The majority of scientific research suggests it actually doesn't work this way.
One of the reasons for this is that many products labeled "low fat," "light," or "reduced fat" (things like yogurt, ice cream, and peanut butter) are highly processed and engineered to taste like their original full-fat predecessors. To accomplish this, food manufacturers typically add extra sugar — and sugar, unlike fat, has been strongly implicated as a leading factor contributing to obesity and weight gain.
Welcome some healthy fats back into your diet.
One reason many dieters curb their fat intake — besides the lingering influence of the low-fat dieting trend of the 1990s — is that it's an easy way to cut calories. Fat is high in calories. Trim the fat, trim the calories.
But research is beginning to reveal that eating fat does not necessarily lead us to put on pounds. Instead, it may help people lose weight, perhaps by making us feel full and curbing our sugar consumption. This appears to be especially true for fats from sources like nuts, olive oil, avocados, and fish.
If you choose to incorporate regular workouts into your plan, research suggests that an early-morning workout on an empty stomach helps speed weight loss and boost energy levels by priming the body for an all-day fat burn.
Plus, working out early could mean you get more sunlight, which is key to properly setting your body's internal circadian rhythm. In one study, people who basked in bright sunlight within two hours after waking were thinner and better able to manage their weight than those who didn't get any natural light, regardless of what they ate throughout the day.
However, the best fitness plan is one you can stick to consistently. So if your morning motivation is low, working out after your work day is probably a better choice.
Eliminate trans fats from your diet.
Unlike plain old fat, trans fat is created in an industrial process that adds hydrogen to liquid vegetable oils to make them more solid.

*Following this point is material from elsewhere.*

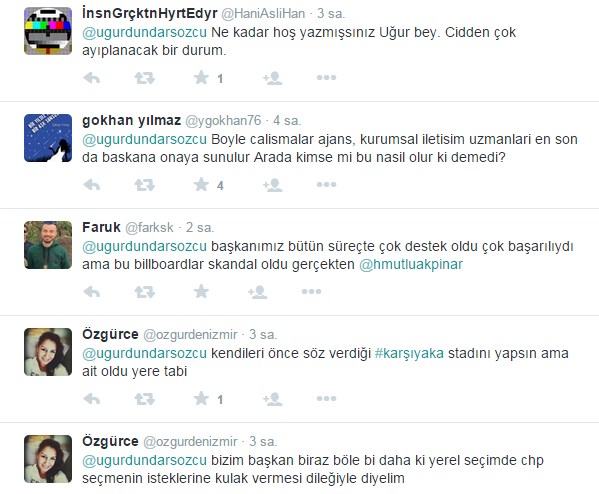 Ege'nin Sesi-Ulaş Üstündağ/Karşıyaka Belediye Başkanı Hüseyin Mutlu Akpınar'ın bilbord hazırlayarak kendi resmiyle Karşıyaka Basketbol takımının başarısını kutlamasına sosyal medya üzerinden taraftarlardan eleştiri gelmişti. Ege'nin Sesi'nin gündeme getirdiği habere bu kez de duayen gazeteci Uğur Dündar tepki gösterdi.

Trans fats are present in a number of processed foods, including many pre-made or packaged cakes, cookies, chips, and pastries. Some breads also contain them, along with some of the oils used to fry french fries and other fast foods. To identify trans fat on a nutrition label, look for "partially hydrogenated oils" on the ingredient list.
Know the situations in which you tend to "fall off the wagon" — and prepare ahead of time.
If you tend to stick to a pretty healthy eating plan most of the time but you're still having trouble losing weight, it might be worth thinking about the places or events that encourage you to veer away from nutritious choices.
Places like airports, drug stores, and even home-goods stores all sell food — but it's usually not very healthy. Instead of shopping until you feel famished then buying whatever unhealthy items are available near the check-out stand, plan ahead and pack a nutritious snack. Sliced apples and peanut butter, carrots and hummus, or Greek yogurt and nuts are all inexpensive and convenient options.
If traditional diets haven't worked for you, consider intermittent fasting.
There are several versions of this diet, but one of the most popular involves fasting for 16 hours and eating for eight. Most people opt for an eating window of 12 p.m. to 8 p.m , meaning that you essentially skip breakfast but eat whatever you want within the eight-hour "feeding" window.